Adjuncts: How, Why, and What Next?


In April, while some Loyola University Chicago community members were riding high on school spirit as the Ramblers made it into the Final Four, many others weren’t so happy with Loyola.

After over two years of contract negotiations with the University for higher wages, job security, and benefits, some Loyola faculty, working with Service Employees International Union (SEIU) Local 73, orchestrated a full day strike. This was in response to an 11-hour provision the University brought to the negotiations table on April 3rd which would have supposedly undermined all of the progress made with the new contract.

For years, several schools across the country have slowly shifted away from employing full-time and tenure-track educators and toward hiring adjunct faculty.


What Caused This Unrest?

Faculty expressed concern about paying benefits to their full-time and qualifying part-time educators when costs come up that require a monetary cutback. Being able to fire and hire people on a semester per semester basis allows hiring flexibility when unforeseen enrollment numbers or recessions come around.

“[Universities] can’t offer contracts that could result in having to raise tuition. That would be cutting off our nose to spite our face,” Rev. Tom Regan, dean of the College of Arts and Sciences at Loyola, told the Washington Post.

At the same time, Loyola plans to build an $18.5 million practice facility which will pull $2 million from university capital and ultimately raise tuition prices.

By hiring part-time educators, colleges and universities are able to save money on salaries, benefits, professional development, retirement, etc. This means that 76 percent of college instructors are part-time. For a business model, this makes sense, but for educators living from part-time wages with no benefits, it seems unfair.

According to a report from the American Association of University Professors, between 1975 and 2011, adjunct or part-time faculty appointments have increased by 300 percent. The pay, however, has remained relatively stagnant. An adjunct professor’s median pay per course in 2010 was $2,700, according to a report by the Coalition of Academic Workforce.

An adjunct instructor for Loyola’s English department, Alyson Paige Warren, warns “non-tenured track or adjuncts make up 61 percent of the teaching faculty, [the University] has been exploiting that.” Having wiggle room for educators with a poor performance is one thing, but creating “disposable faculty” is another.

What’s Next?

Fine Arts Instructor Sarita Heer said she thinks unionization of college faculty is imminent.

“Unionization is going to happen, across the United States and universities. They’re moving away from tenure-track positions, it’s not just Loyola it’s everyone and it’s very much a financial decision,” Heer said.

In 2014, SEIU launched several campaigns in hopes of attracting more college faculty to join or create local sections on their campuses.
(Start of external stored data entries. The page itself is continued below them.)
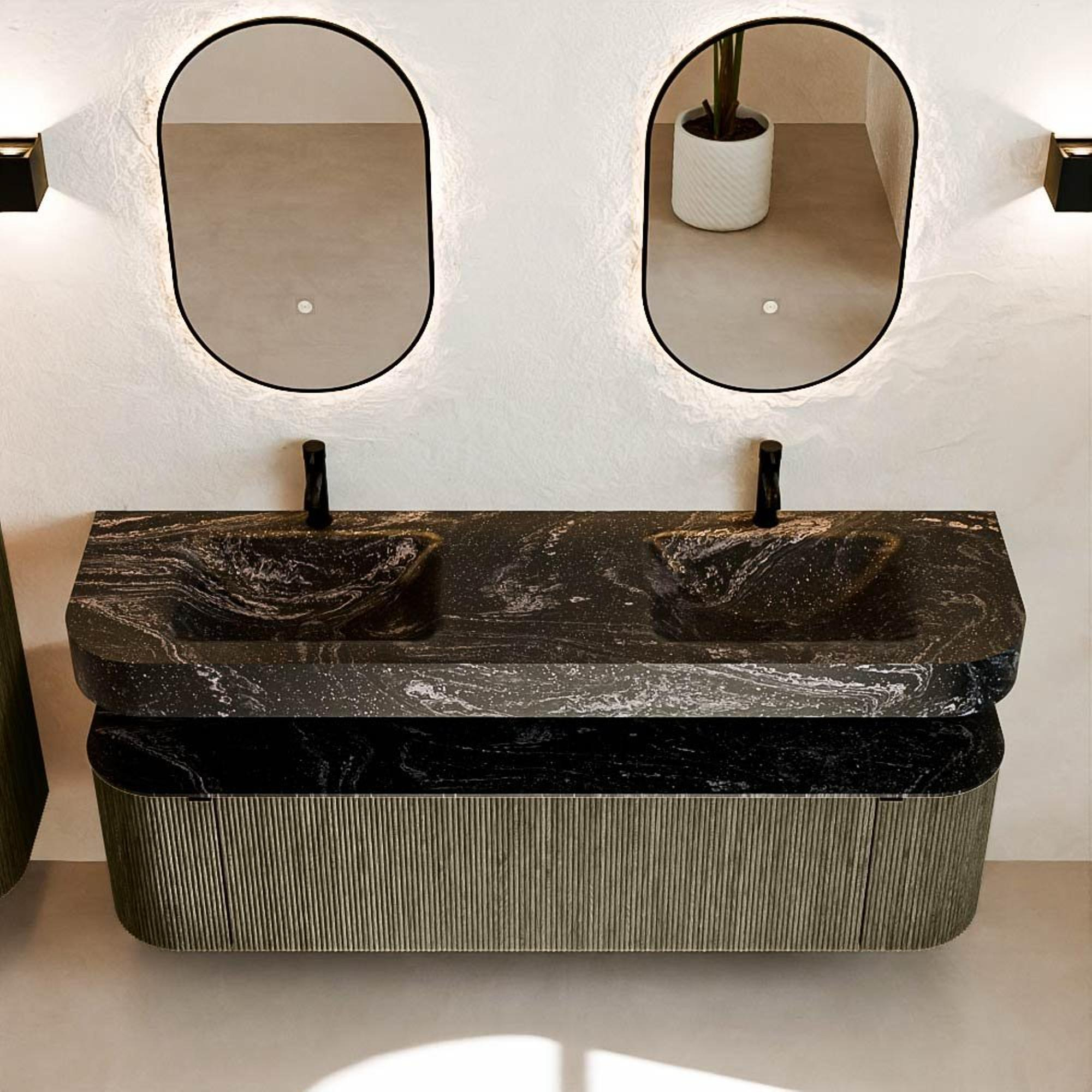 MONDIAZ THOR-DLUX Meuble de salle de bains - 170cm - arrondi gauche + droite - couleur Shadow - 1 tiroir et 2 portes - Vasque suspendue CLOUD Double 2 trous de robinet - couleur Lava
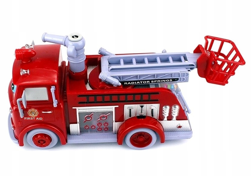 Wydaje odgłosy charakterystyczne dla syreny strażackiej, miga na czerwono kogutem oraz na niebiesko — światełkami znajdującymi się na dachu, podnosi i rozsuwa drabinę, podświetlając ją na zielono, a także obraca rakietką wodną o 45 ° w lewą i prawą stronę. Ponadto kręci kołami i koszem i co najważniejsze — zabawnie porusza na boki oczkami, a także wysuwa język. Interaktywny wóz strażacki posiada inteligentny system omijania przeszkód. Gdy na jakąś natrafi, samodzielnie zmieni kierunek swojej jazdy.
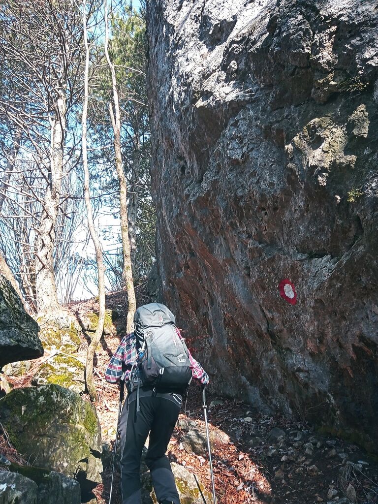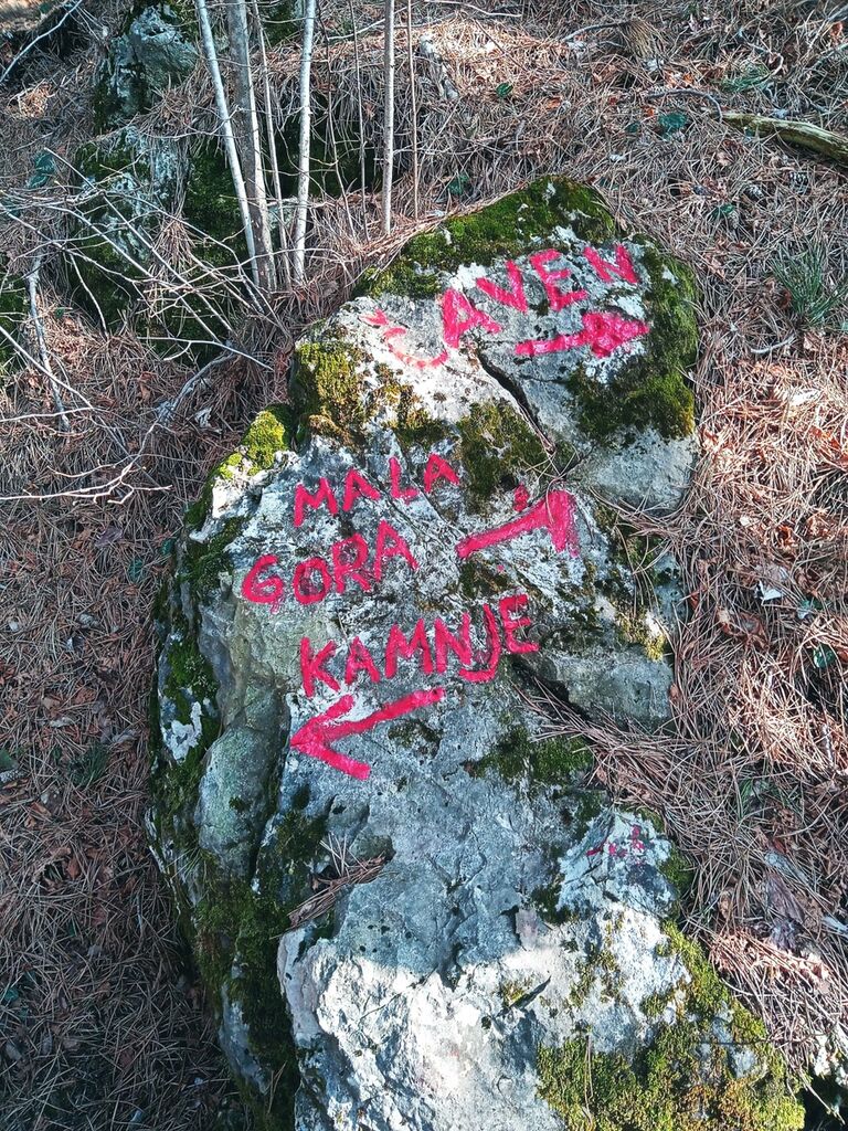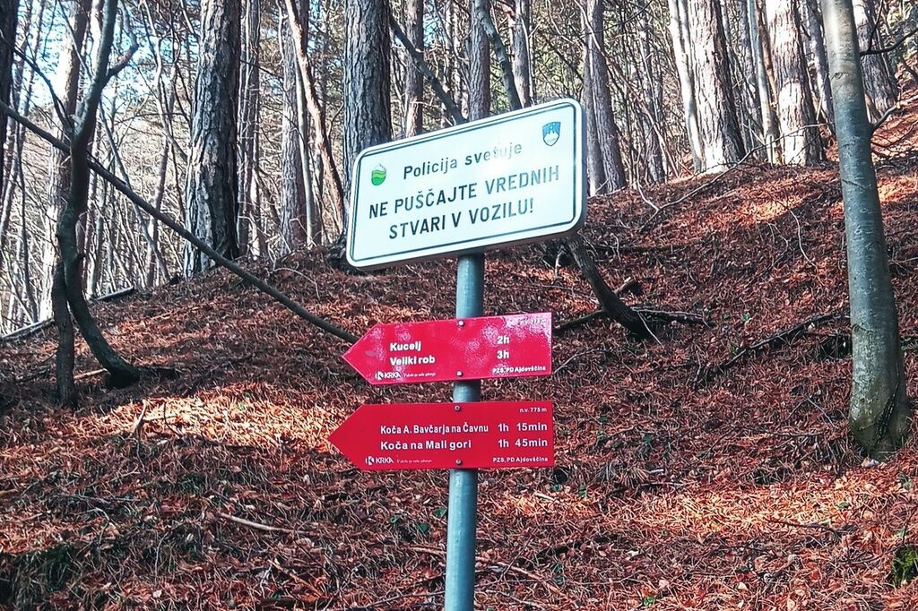 Začeli smo pri tunelih pod Predmejo. Po Srednječavenski poti smo se lepo počasi dvigali. Pot je lepa, v začetku lahkotno pelje skozi gozd. Prečimo pobočje, pridemo do melišča pa še enega. Nad nami se odprejo skale, kot da smo v visokogorju. Prijetno nas greje sonček in na nas pazi Marijina mala kapelica vklesana v kamniti balvan. Pot še vedno ni prestrma. Gremo direktno proti Koči na Mali gori tako da se izognemo hudi strmini. Pri koči smo sami. Imamo prvo pavzo. Ker smo pridno hodili, smo se odločili da gremo še na Kucelj. Lep razgledni vrh, do katerega imamo le pol ure hoda. Ko pridemo iz gozda, se že dviga nad nami. Malo strmejša pot po travnatem pobočju. V bolj pomladnih dneh je rastišče raznih lepih rožic, v tem času pa nas pozdravi le presušena trava in križ na vrhu. Malo se je tudi zaprlo, malo hladno je bilo. Pred nami je bila še pot do Koče Antona Bavčarja na Čavnu. Smo mislili, da bo odprta, a ni bilo sreče. Izpraznili smo še nahrbtnike in se napotili v dolino. Direktno, po moje najbolj strmi poti.
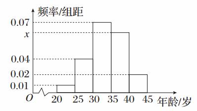 (1)求图中x的值并根据频率分布直方图估计这500名志愿者中年龄在[35,40)岁的人数;
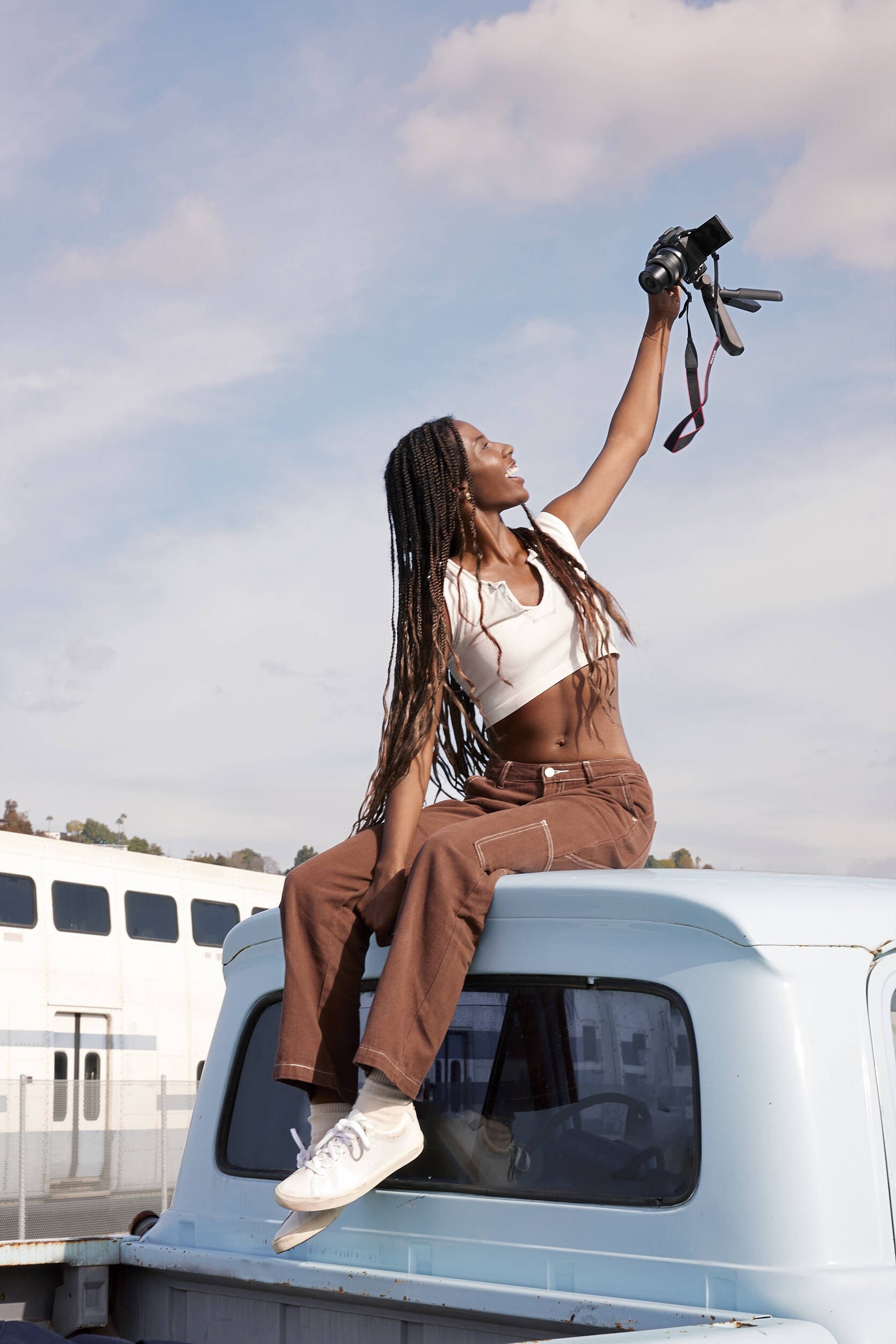 - Three-inch vari-angle touchscreen flips outward and forward, perfect for vlogging, product demos, and low-angle shots
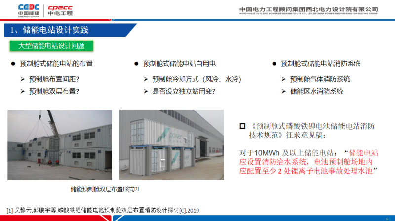 第一個問題是預制艙式儲能電站的布置間距問題,這個問題已經(jīng)困擾我們很久了。關(guān)于儲能集裝箱之間的防火間距。預制艙能否可以采用雙層布置。第二個問題是隨著大型儲能電站越來越大,系統(tǒng)集裝箱數(shù)目是很大的,如果是高溫地區(qū)可能會采用一些水冷方案。這樣將近數(shù)百個集裝箱集成在一起,站用電是不可忽視的量,站用電是否需要設獨立站用變,是否可以由集裝箱來承擔一部分自己的自耗電。第三個是預制艙式儲能電站消防系統(tǒng)問題,儲能集裝箱內(nèi)一般是帶氣體消防,但在儲能集裝箱外儲能區(qū)域是否設置水消防系統(tǒng),還沒有明確定論。這里列出了中電聯(lián)一個團體標準,《預制艙式磷酸鐵鋰電池儲能電站消防技術(shù)規(guī)范》,它對上面幾個問題有了比較明確的答復。第一,布置間距,電池預制箱間距不小于3米,如果設防火墻,對防火墻尺寸有一定要求。對于儲能的布置方式,建議單層布置,雙層布置還有很多問題目前還沒有搞清楚。第二,對于大于10MWh的儲能電站要設置消防水系統(tǒng)。對于消防給水系統(tǒng)我們設計單位目前還比較困惑,因為國家電網(wǎng)公司有一個企業(yè)標準《儲能電站設計技術(shù)導則》,明確提出當儲能系統(tǒng)發(fā)生火災時,不能采用水噴淋方式滅火的。
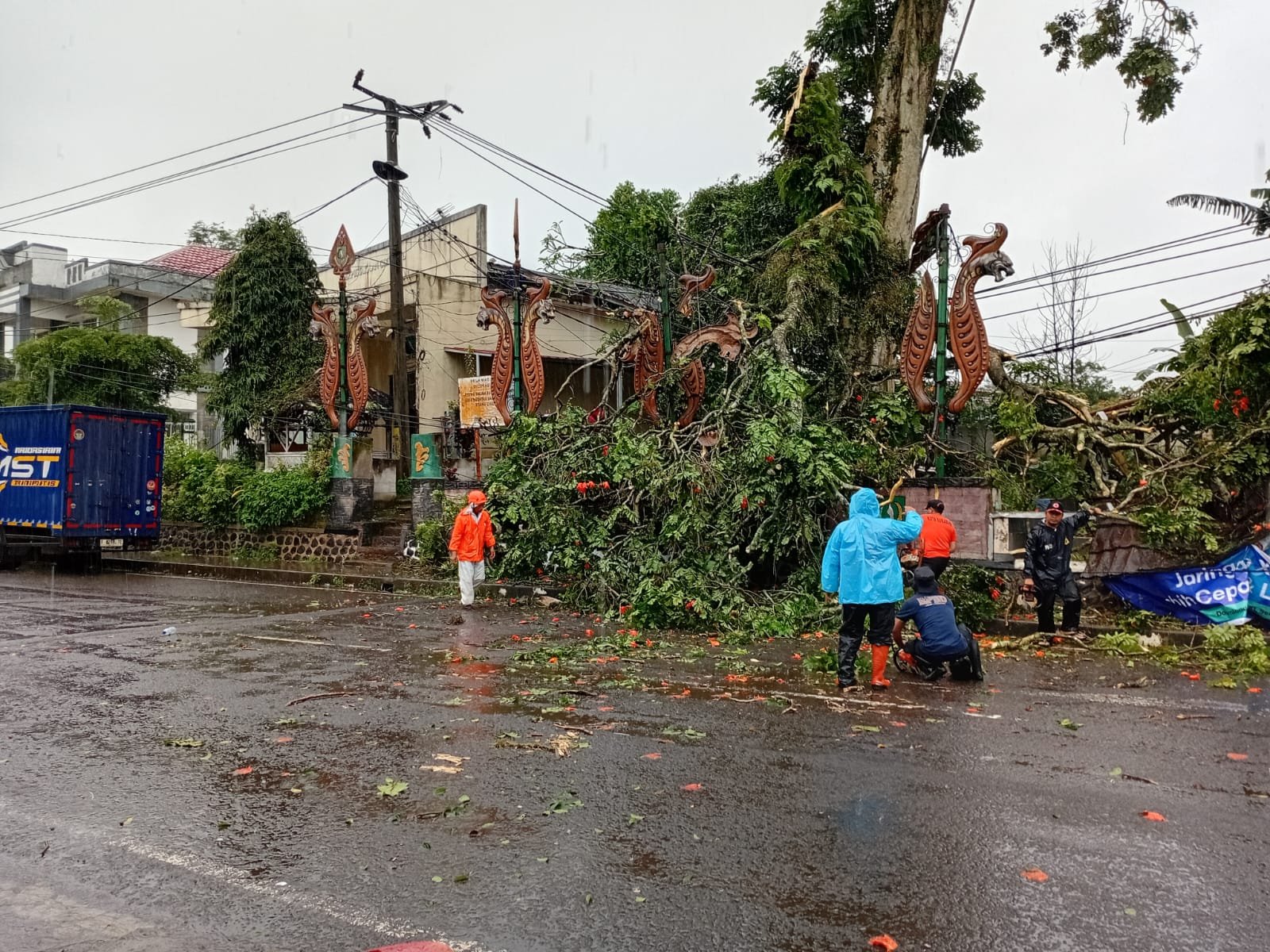 “Setelah menerima laporan, tim langsung menuju lokasi dan melakukan pengecekan. Benar telah terjadi pohon tumbang di samping Perpustakaan dan Kantor Kelurahan Cikundul,” kata Yosep. Ia menjelaskan, tumbangnya pohon tersebut mengakibatkan patahnya tiang listrik bertegangan tinggi sehingga menyebabkan pemadaman listrik di wilayah sekitar lokasi kejadian.
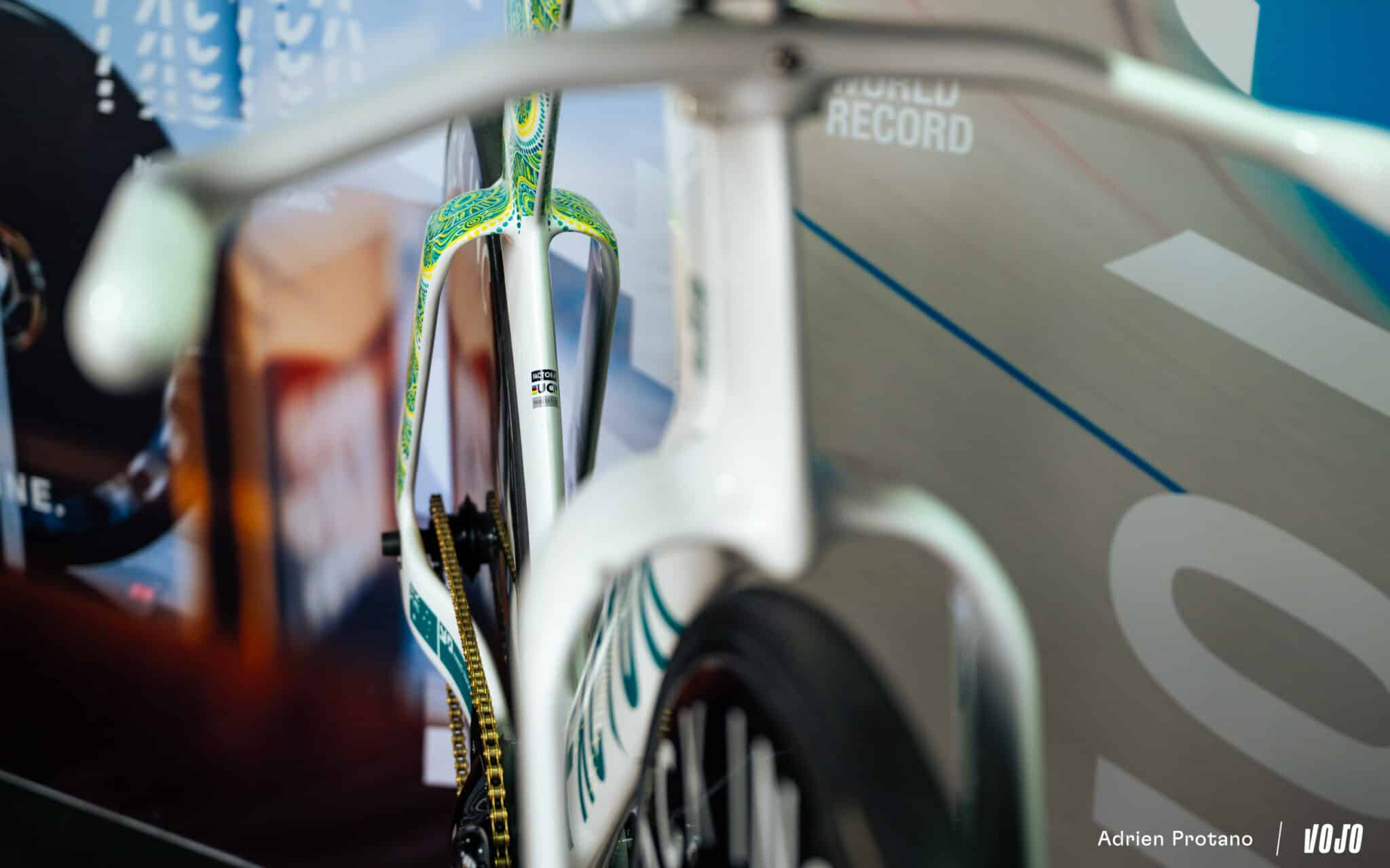 Impossible de ne pas jeter un oeil sur ce vélo de piste, épais comme une feuille de papier et (déjà) détenteur d’un record sur monde.
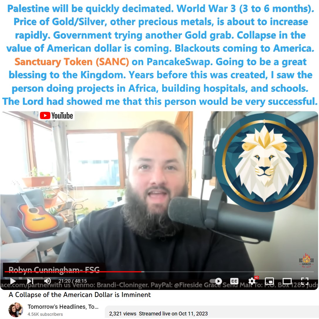 On 10/11/23 Robyn Cunningham shared new prophetic word regarding Sanctuary Token Crypto, dollar collapse, palestine, gold/silver, WW3, and blackouts. See partial transcript and video link below:

In 2016, William A. Herbert, executive director at the National Center for the Study of Collective Bargaining in Higher Education, reported a 30 percent increase in faculty bargaining units, compared to the preceding four years.

Just this year there have been faculty across Pennsylvania and Colorado have stricken and marched to demand better pay for primary, secondary, and post-secondary educators. With the growing push for unionization at colleges and universities, we can only expect to see more.

College educators have been fighting for better rights for decades and the fight isn’t over.

“We hope Loyola admin wants to make Loyola a great place to be and to teach,” Warren said. “This isn’t a group of people being pushed into action, we all want better.”